You can use it as follows.
```shell
$ source install/setup.bash
$ LD_PRELOAD=libmy_allocator.so executable
```
## heaphook API
This section describes the `GlobalAllocator` class, which is required when creating an allocator.
The `GlobalAllocator` class has 5 virtual member functions.
### do_alloc
```cpp
void *GlobalAllocator::do_alloc(size_t size, size_t align);
```
This function allocates a memory area that is larger than `size` byte and aligned with `align` and returns its address. When implementing this function, the following conditions can be assumed. (heaphook will filter out those that do not meet these conditions.)
* `size` > 0
* `align` is either
* 1, which means there are no alignment constraints.
* a power of 2 and multiple of `sizeof(void *)`, such as 8, 16, 32, ..., 4096, ...
If memory allocation fails due to various factors, `nullptr` should be returned.
This function hooks the GLIBC allocation functions `malloc`, `posix_memalign`, `memalign`, `aligned_alloc`, `valloc` and `pvalloc`.
### do_dealloc
```cpp
void GlobalAllocator::do_dealloc(void *ptr);
```
This function deallocates a memory area pointed to by ptr, which must have been allocated by other allocation functions `do_alloc`, `do_alloc_zeroed` or `do_realloc`. The following conditions can be assumed,
* `ptr` is the value previously returned from these allocation functions. (If not, the program may be killed.)
* `ptr` != `nullptr`
This function hooks the `free` function in GLIBC.
### do_alloc_zeroed
```cpp
void *GlobalAllocator::do_alloc_zeroed(size_t size);
```
This function allocates a memory area that is larger than `size` byte. The memory is set to zero. The following conditions can be assumed,
* `size` > 0
If memory allocation fails due to various factors, `nullptr` should be returned.
This function hooks the `calloc` function in GLIBC.
A default implementation is provided that calls `do_alloc` and initializes the allocated memory area with zeros using `memset`.
### do_realloc
```cpp
void *GlobalAllocator::do_realloc(void *ptr, size_t new_size);
```
This function changes the size of the memory block pointed to by `ptr` to `new_size` bytes and return a pointer to the new memory area. The contents of the memory area must remain unchanged. When expanging the memory, the added memory does not need to be initialized. The following conditions can be assumed,
* `ptr` is the value previously returned from these allocation functions. (If not, the program may be killed.)
* `ptr` != `nullptr`
* `new_size` > 0
If memory allocation fails due to various factors, `nullptr` should be returned.
This function hooks the `realloc` function in GLIBC.

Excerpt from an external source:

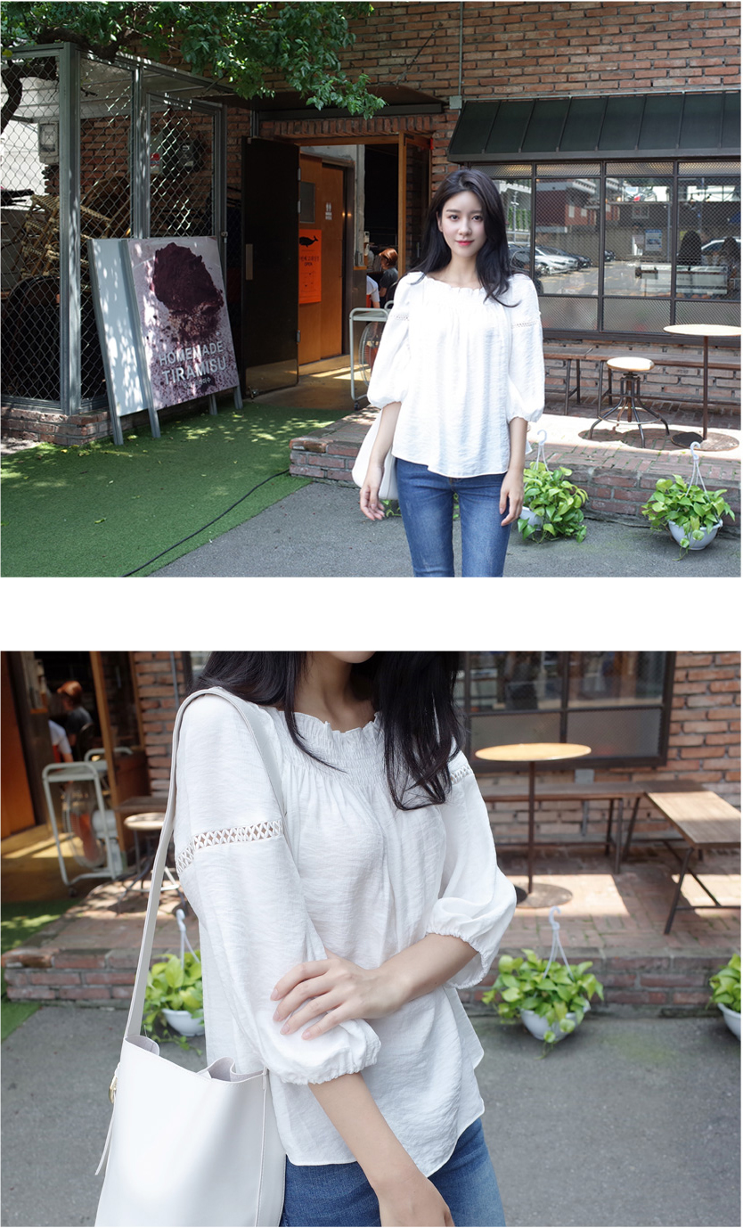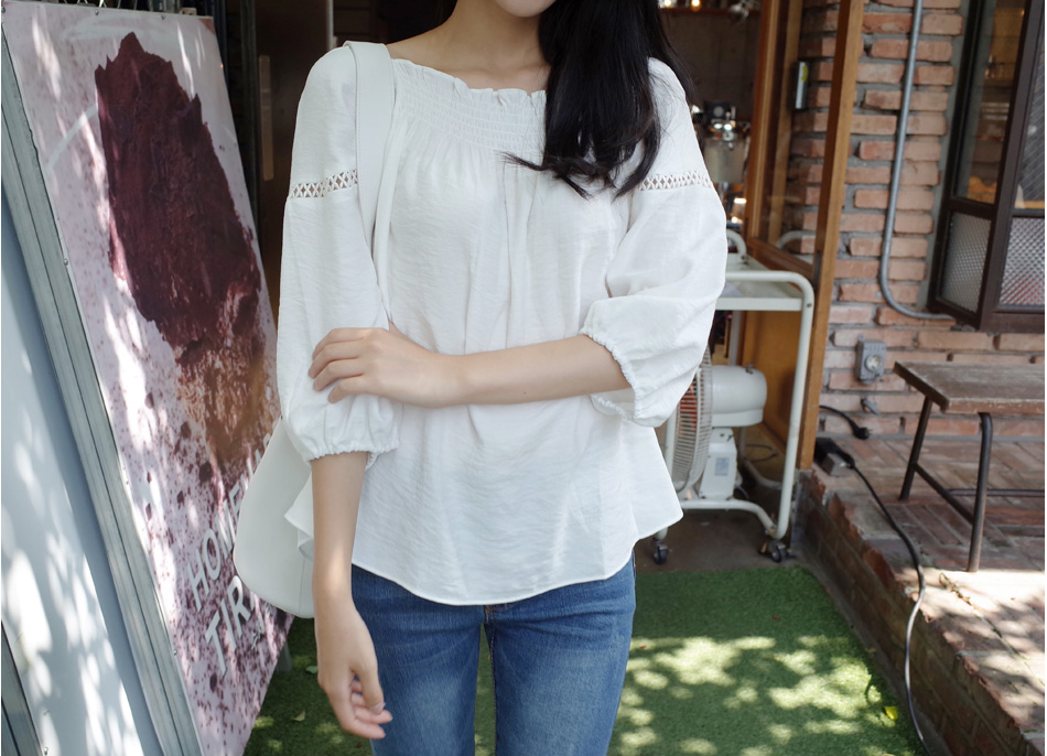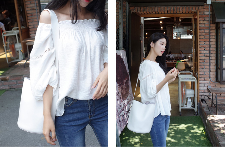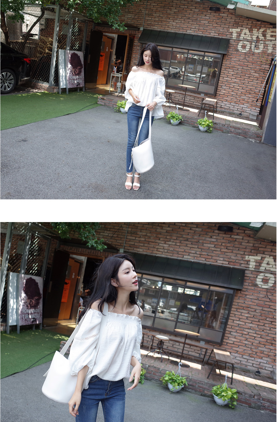 매력적인 오프숄더 블라우스를 소개할께요:)어깨선이 넘 예뻐보였구요. 프릴포인트로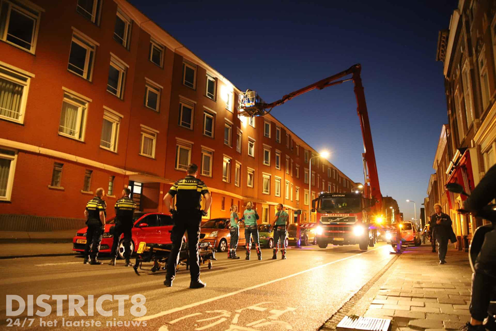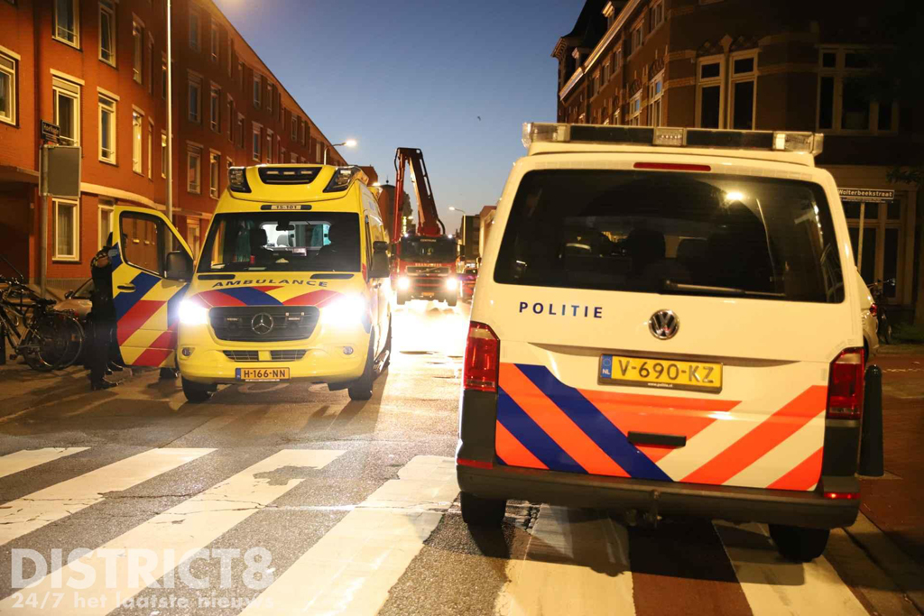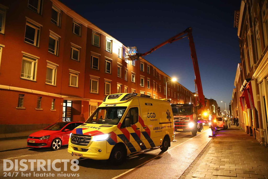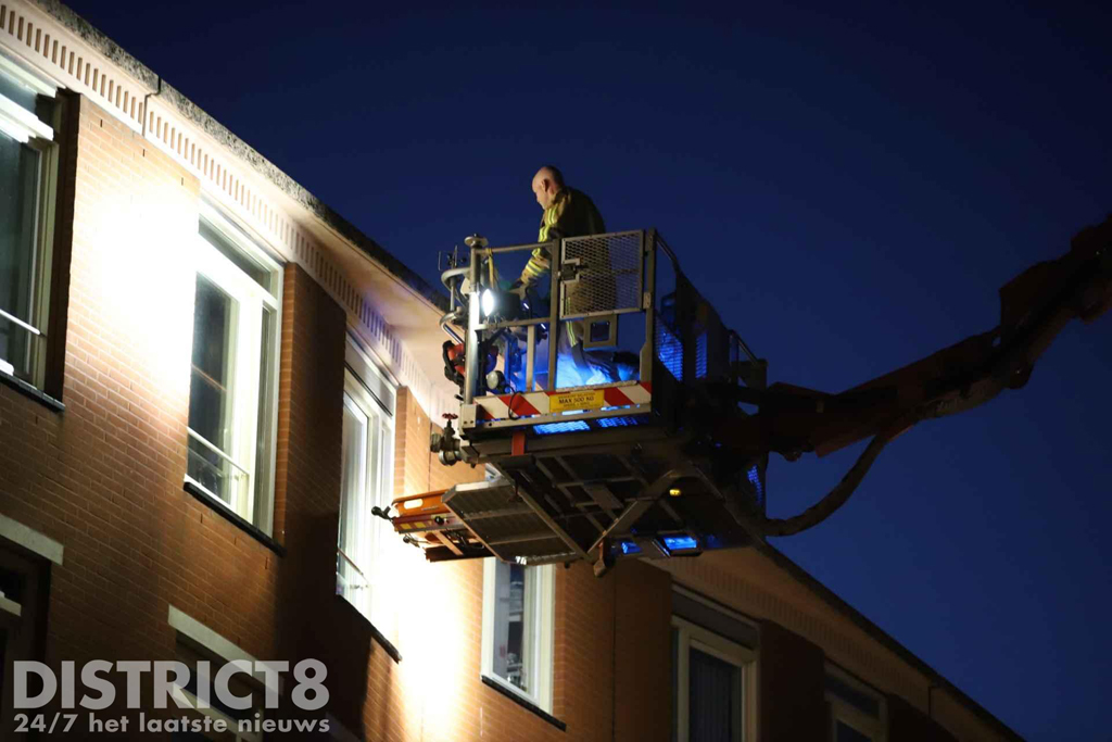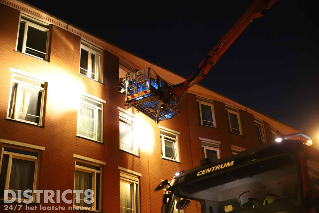 Nadat het slachtoffer met een hoogwerker van de brandweer naar beneden was gebracht, kon zij met spoed worden vervoerd naar het ziekenhuis.

A default implementation is provided that performs `do_alloc(new_size, 1)`, copies contents, and then deallocates the original pointer using `dealloc(ptr)`.
### do_get_block_size
```cpp
void *GlobalAllocator::do_get_block_size(void *ptr);
```
This function returns the size of the memory block pointed to by `ptr`. The following conditions can be assumed,
* `ptr` is the value previously returned from these allocation functions. (If not, the program may be killed.)
* `ptr` != `nullptr`
This function is called internally when calling the GLIBC's `malloc_usable_size`.
## Trace function
heaphook has a trace function for debugging the allocator and analyzing its performance.
In the CMakeList.txt file, after declaring a new allocator building rule with `build_library`, you can specify `target_compile_options( PRIVATE "-DTRACE")` to build library that traces the allocator's behavior.
```cmake
build_library(my_allocator ...)
target_compile_options(my_allocator PRIVATE "-DTRACE")
```
If configured in this way, the library will generate a log file named `heaplog..log` in the current directory. You can visualize heap consumption transitions and performance of each GlobalAllocator member functions in png format based on the generated log file.
```bash
$ misc/heaptrace_analyzer.py heaplog..log
```
## Test allocator
To test the new memory allocator, add the following statement in CMakeLists.txt. `test_library( ..)` is a cmake function which builds a test program based on Google Test.
```cmake
test_library(test_my_allocator
src/original_allocator.cpp)
```
After describing the above, colcon build will create a test program in build/heaphook/test_my_allocator. The source of this test program is in the file test/test_allocator.cpp, so please refer to it if necessary.